Three key lessons learned
- Collective approaches to leadership development are most powerful when designed to elicit purposeful interaction. Research, data-driven techniques, and engagement survey feedback were leveraged to build the itinerary, comprised of simulations, case studies, and expert facilitation. Action Learning approaches were incorporated throughout the programs, making sure that exercises were real and not hypothetical. Participants learned from contemporary challenges that reflect the real complexity and problems of organizational life.
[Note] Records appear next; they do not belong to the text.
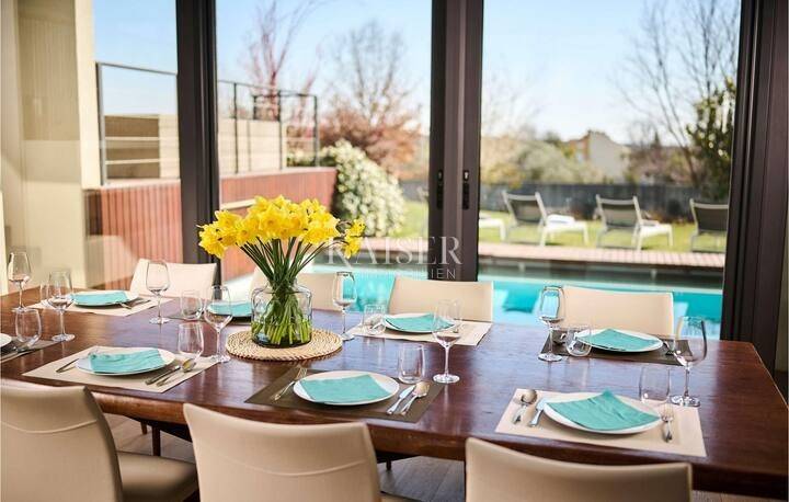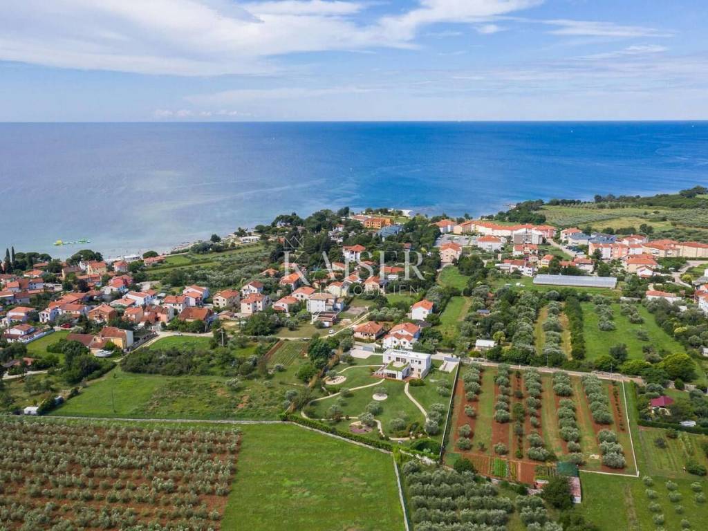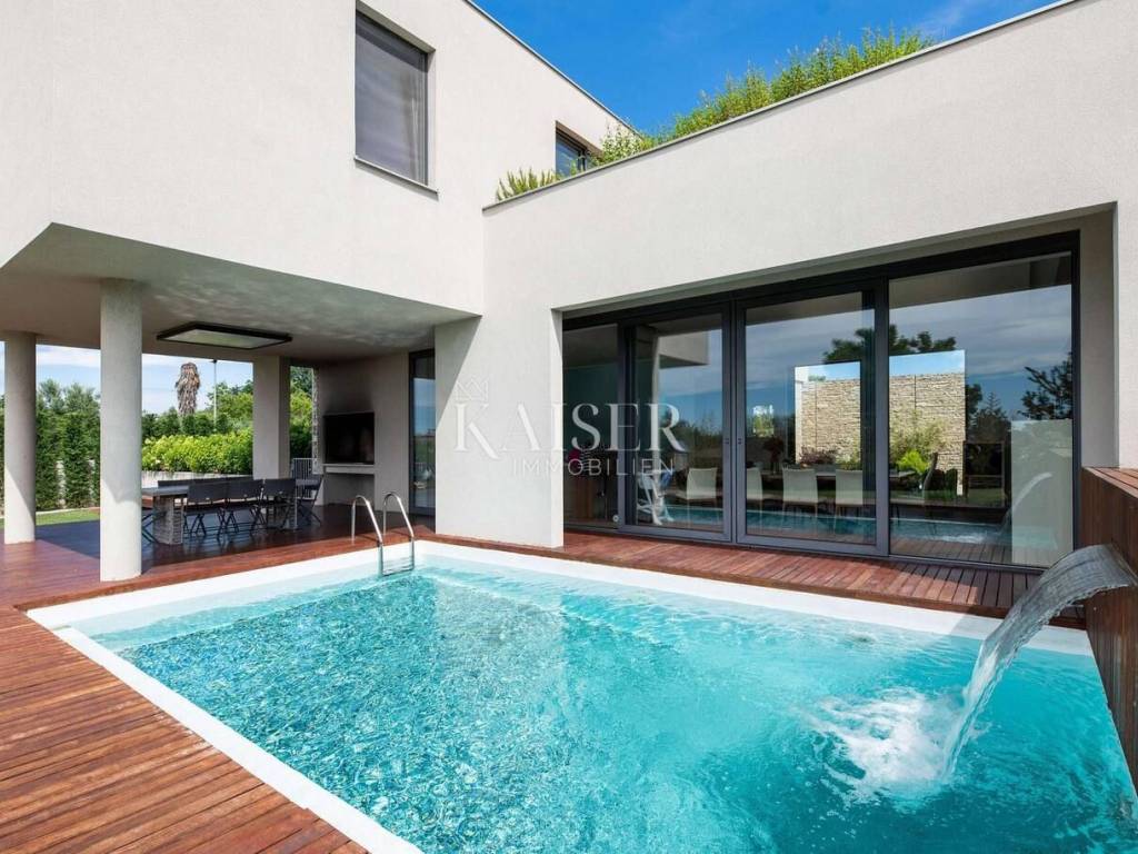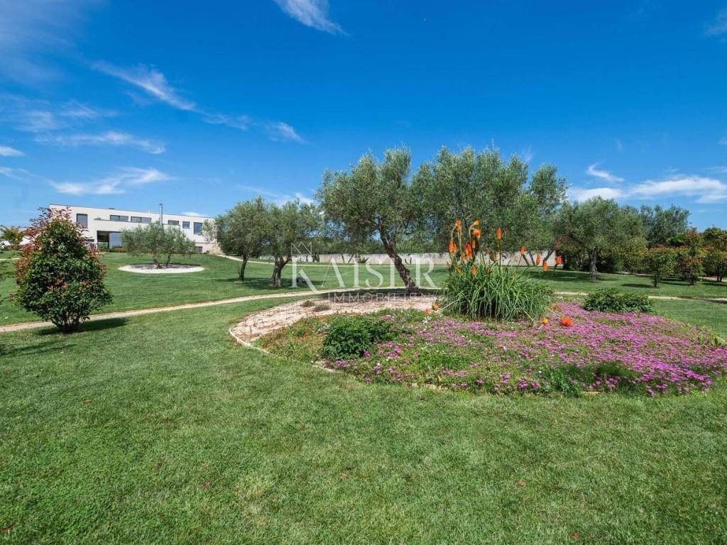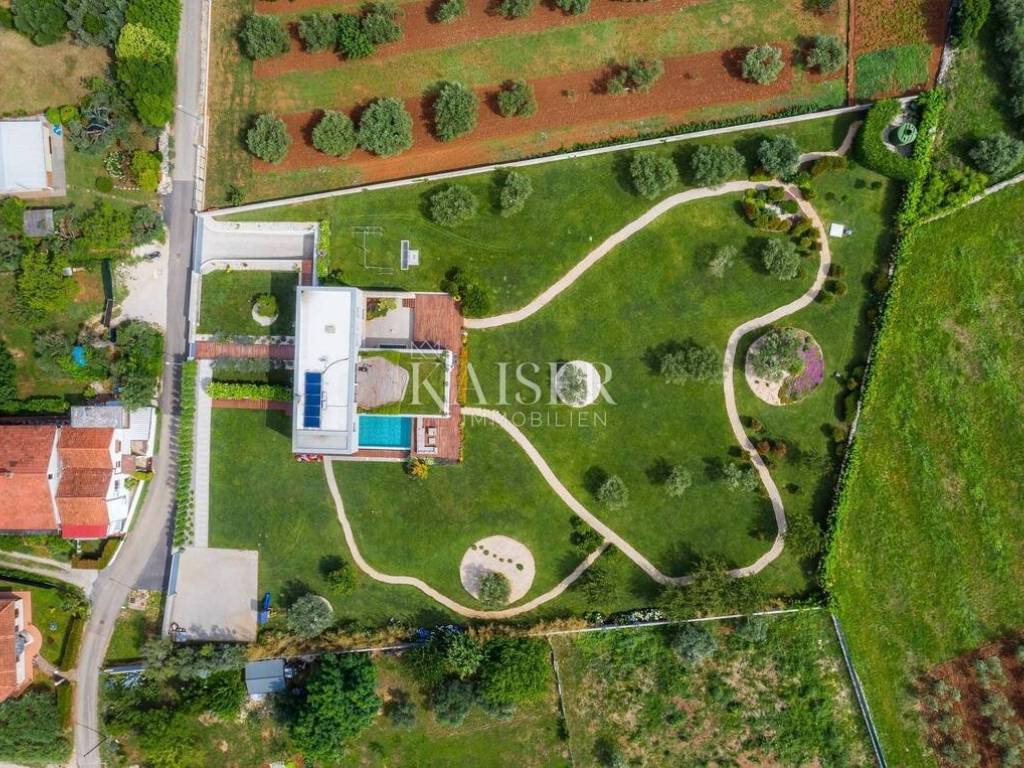 Kaiser Immobilien is proud to present a modern villa with a heated pool in the northwestern part of Istria, in an exclusive location with panoramic views of the sea and olive groves. A special advantage of this property is its location, which provides total privacy and panoramic views, as well as a modern and superbly decorated space. This modernly designed property was built with an emphasis on top-quality materials and details, offering a combination of contemporary style, luxury and comfort. The offer includes a modern villa of 420 m2 on a plot of 5000 m2. On the ground floor there is a large living room, open-plan kitchen and dining room with access to a terrace and sundeck by the 45 m2 pool, a hallway and a bedroom with a bathroom, on the first floor there are 3 spacious bedrooms, each with its own bathroom and a terrace designed as a roof garden, in the basement there is a garage for 4 vehicles, a cinema, a toilet and a storage room. The design is inspired by the "Path of the Sun", the villa is designed so that the interior and exterior spaces follow the sun, large glass walls provide a pleasant stay throughout the year. The villa is equipped with a modern underfloor heating system that can also be activated via a mobile application, and air conditioning systems in all rooms ensure a comfortable temperature throughout the year. A wood-burning fireplace is located in the living room for a warm and cozy atmosphere. The interior is decorated with high-quality materials - luxurious custom-made furniture and carefully selected details. A high-quality kitchen from Gaggenau, equipped with elements with a touch function. Luxurious bathrooms resemble wellness oases, equipped with high-flow rain showers, LED lighting and designer heated towel rails. The garden has been carefully designed to provide maximum comfort, privacy and a visual experience that remains etched in the memory. Every corner of the space has been thoughtfully designed, with an emphasis on a modern atmosphere, functionality and spectacular views. The villa has several parking spaces. The villa is sold fully equipped and furnished. Thanks to its prime position and luxurious amenities, it also represents an excellent investment for tourist rental. Thanks to its excellent location, quick and easy access to key amenities and excellent transport connections are ensured. Distance: Pula Airport - 70 km Koper - 35 km Ljubljana - 140 km Munich - 540 km Vienna - 520 km Prague - 850 km The agency commission for the buyer is 3% + VAT and is paid in the case of purchasing a property, upon conclusion of the first legal act. Do not miss the opportunity to become the owner of this beautiful home that offers the perfect combination of luxury and an excellent location. Contact us with confidence for more information and to arrange a viewing. phone: 0038598538347 email address: dean.cerovac@kaiser-immobilien.hr Seller: Dean Cerovac
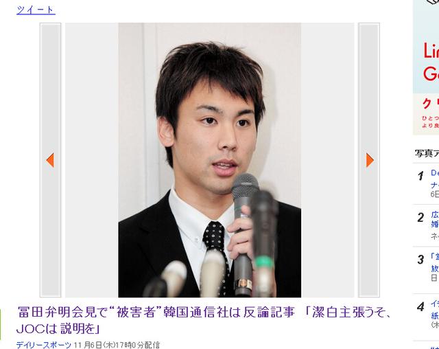 因为在仁川亚运会游泳场馆偷窃韩国记者相机,而被韩国检察厅起诉、处以罚金的日本游泳选手富田尚弥,当天中午时分在名古屋市举行记者会,澄清了事情的原委,声泪俱下地哭诉自己是被冤枉的,“当时因为自己心里太脆弱而认罪”。
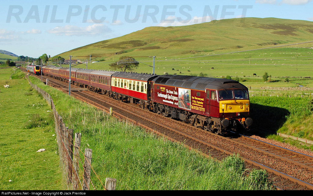 | WCRC's 47826 complete with Scarborough Spa Express advert on the side returns South past Wandel (Near Abington) with the 1Z71 Gourock - Alnmouth railtour which ran via Carstairs & the WCML then over via Hexham |
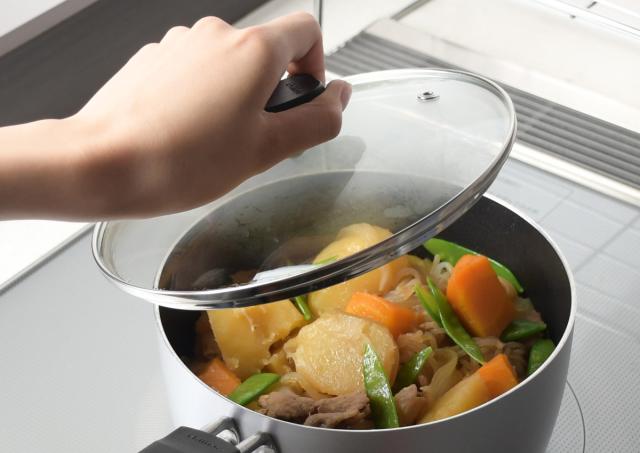 調理中の様子が見えるガラス蓋付きです。適度に蒸気を逃す蒸気穴付きなので、吹きこぼれの心配がありません。
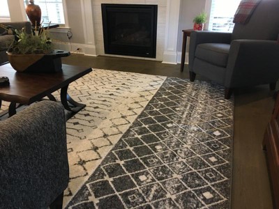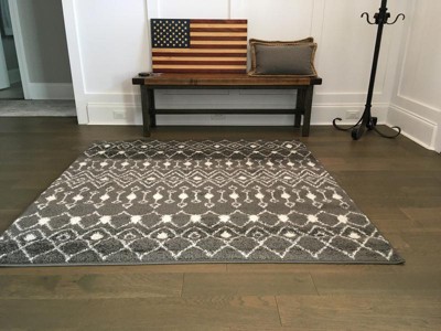 For comparison, this solid DARK grey option is the same coloration as the Moroccan Trellis grey/ivory option. The solid dark grey has no "frosting" effect, but matches otherwise. At the price point, these rugs are durable, soft, and easy care.
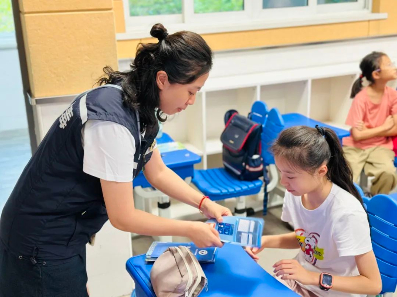 在暑假期间,禁毒社工还积极参加高境镇“爱心暑托班”,为暑托班同学们带来了别开生面的禁毒知识讲座。
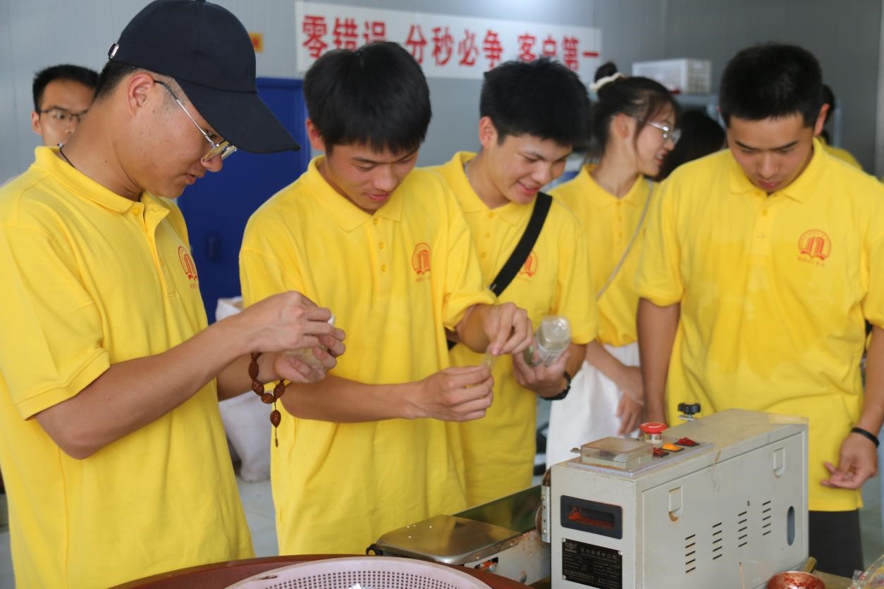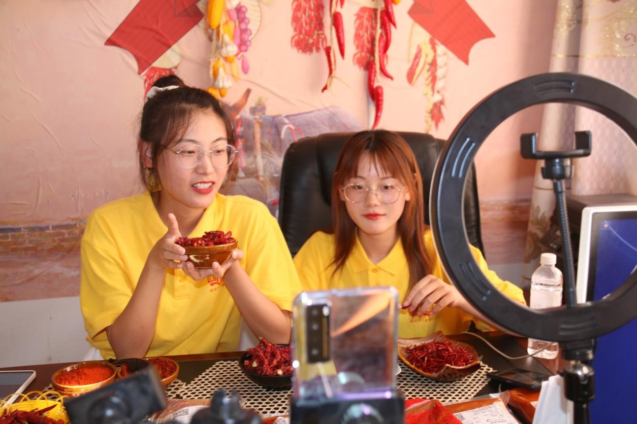团队成员先后参观香花镇辣椒城、辣椒种植基地、仓库和生产车间,基地负责人向同学们介绍香花镇辣椒的种植历史、品质特点和电商售货的相关情况。同学们亲身体验采摘辣椒、成品包装,绘制辣椒手稿,制作宣传海报,并通过电商平台为辣椒制品直播带货。
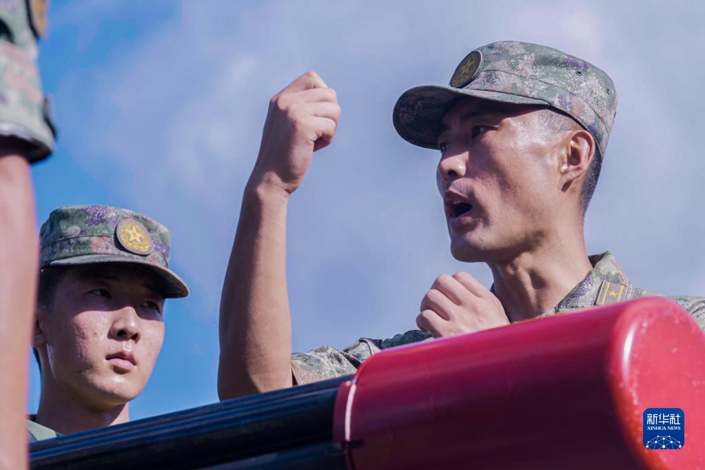 駐香港部隊某團防空營營長王海旭(左)在訓練中下達作戰(zhàn)指令(2022年7月21日攝)。新華社發(fā)(田越洋 攝)
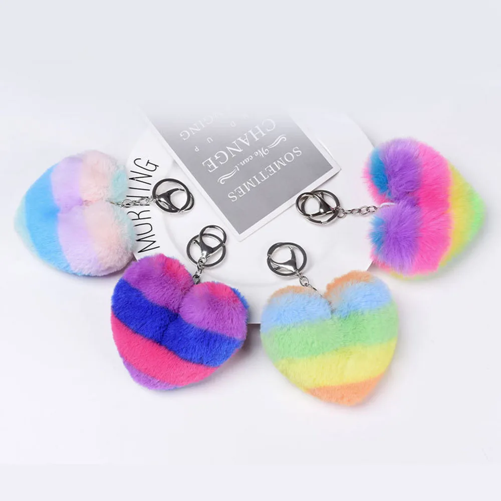 Новинка 2021 года, многоцветная подвеска в форме сердца, цветной плюшевый брелок в форме сердца персика, радужная сумка в форме сердца, автомобильный кулон для подарка
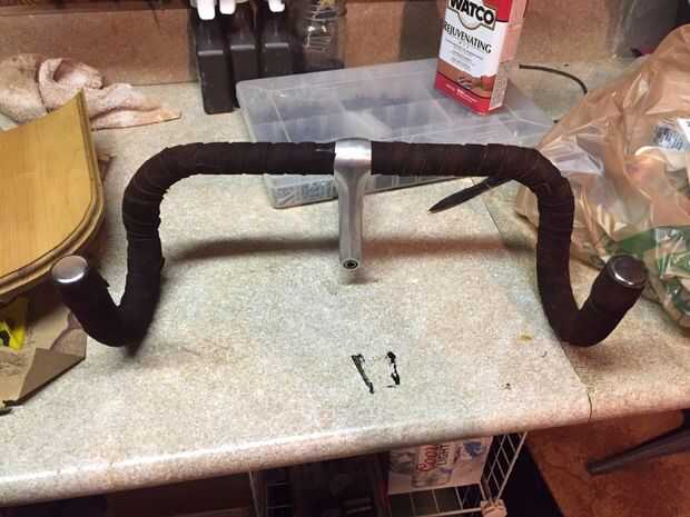 Después del "incidente de pulido de 2016" (sin entrar en detalles, hubo un incidente. Sin lesiones.), empecé a mirar alrededor para que el material adecuado envolver el manillar metálico. Fue en este punto que me acordé de que tenía la cosa perfecta - chaqueta de moto de cuero viejo de mi padre.

This created a tension in the programs that exposes not only learnings, but an opportunity to make real change.
The programs equipped participants with skills to “help them to address complex social, economic and environmental challenges,” said participant Kennith Misiga in Nation Africa.
- Thought leadership is grounded in expertise and field-authority, but can flourish through a leader’s authenticity and originality.
Intentionally bringing your personality to the table in addition to your expertise makes for stronger leadership. This requires advanced self-awareness. Participants learned to balance their personal and professional identities.
In one exercise, leaders underwent a series of leadership-style and personality-type assessments, and then analyzed their own influence approaches and how to adapt styles to communicate more effectively with those across the table.
These exercises necessitated participants’ full commitment—and at times vulnerability—while avoiding overly contrived trust-building exercises. This intentionality was essential to ensuring the network of participants would reach their full collective potential. The participants gained insight about themselves, how they show up at work, and how to engage with colleagues more authentically to communicate with greater impact.
Being around RF colleagues and partners has had an immediate impact on my day-to-day,” said Andrew Sweet, Vice President for Innovation at The Rockefeller Foundation. “Our team has already started to take action on improving how meetings are run and building a common understanding for how to build and re-build trust.”
- Learned leadership traits can be shaped through inter-organizational learning approaches, multi-dimensional feedback and relationship-building. Opening up to a diversity of mindsets, data, personality types, expertise, and leadership styles makes us more informed and experienced leaders and can trigger creative problem-solving for collective good. Just because someone may have a personality type where confrontation is more difficult does not mean they will never be able to voice a strong opinion in a meeting. Development learning should enable leaders to stretch their capacity and equip them with strategies for how to thrive in their work environment. This can be done by offering and requesting feedback and having partners in accountability for practicing new behaviors and applications.